- [Given records]:
···

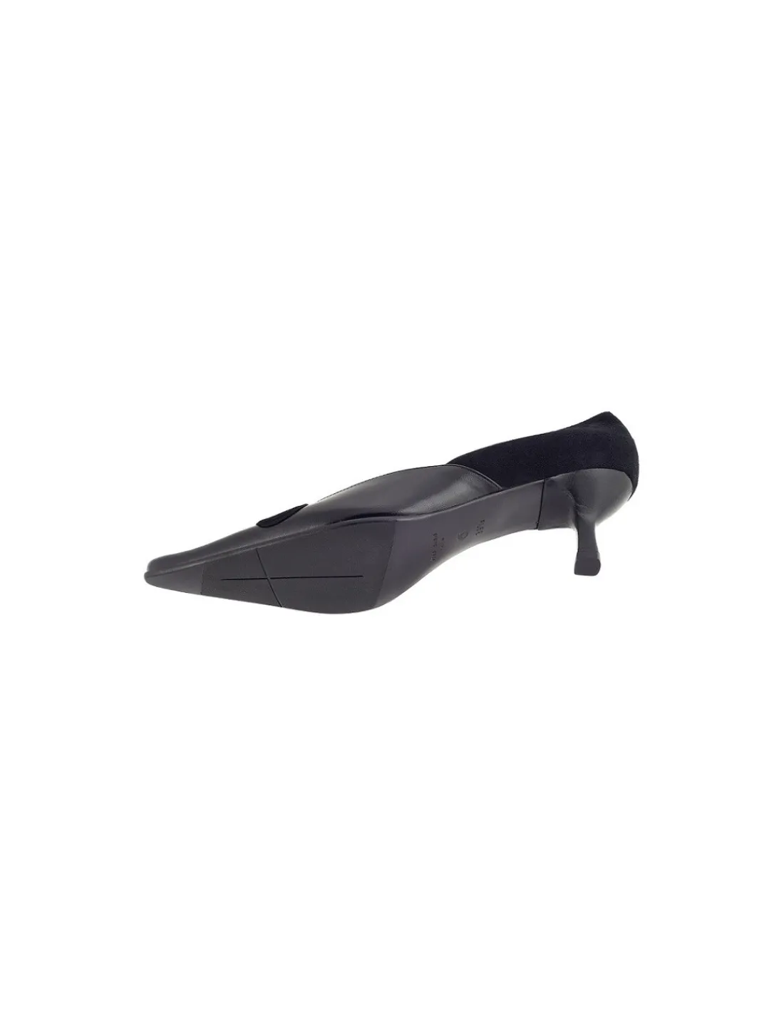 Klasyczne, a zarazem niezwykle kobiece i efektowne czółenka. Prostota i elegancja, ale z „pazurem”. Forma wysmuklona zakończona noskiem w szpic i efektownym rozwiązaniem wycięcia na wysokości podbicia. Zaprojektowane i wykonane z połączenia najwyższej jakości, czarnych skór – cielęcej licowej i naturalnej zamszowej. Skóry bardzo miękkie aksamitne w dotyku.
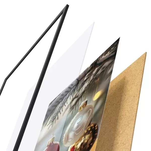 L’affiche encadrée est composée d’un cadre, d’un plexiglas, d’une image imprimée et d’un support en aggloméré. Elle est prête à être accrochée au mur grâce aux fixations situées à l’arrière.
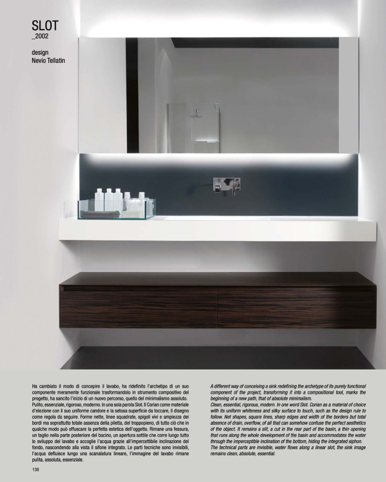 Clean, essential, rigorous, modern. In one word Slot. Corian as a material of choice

···

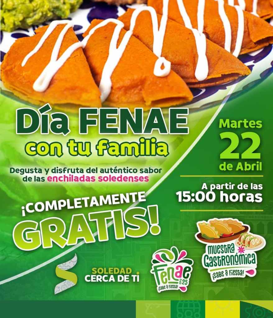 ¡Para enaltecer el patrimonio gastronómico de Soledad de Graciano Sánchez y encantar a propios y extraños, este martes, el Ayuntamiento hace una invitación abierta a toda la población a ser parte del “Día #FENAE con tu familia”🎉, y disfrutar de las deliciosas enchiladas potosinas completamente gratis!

···

The lines to set down run from the line with "Klasyczne, a zarazem" up to and including the line with "Clean, essential, rigorous, modern." in the entries above. Reproduce them exactly, with no pictures.

 Klasyczne, a zarazem niezwykle kobiece i efektowne czółenka. Prostota i elegancja, ale z „pazurem”. Forma wysmuklona zakończona noskiem w szpic i efektownym rozwiązaniem wycięcia na wysokości podbicia. Zaprojektowane i wykonane z połączenia najwyższej jakości, czarnych skór – cielęcej licowej i naturalnej zamszowej. Skóry bardzo miękkie aksamitne w dotyku.
 L’affiche encadrée est composée d’un cadre, d’un plexiglas, d’une image imprimée et d’un support en aggloméré. Elle est prête à être accrochée au mur grâce aux fixations situées à l’arrière.
 Clean, essential, rigorous, modern. In one word Slot. Corian as a material of choice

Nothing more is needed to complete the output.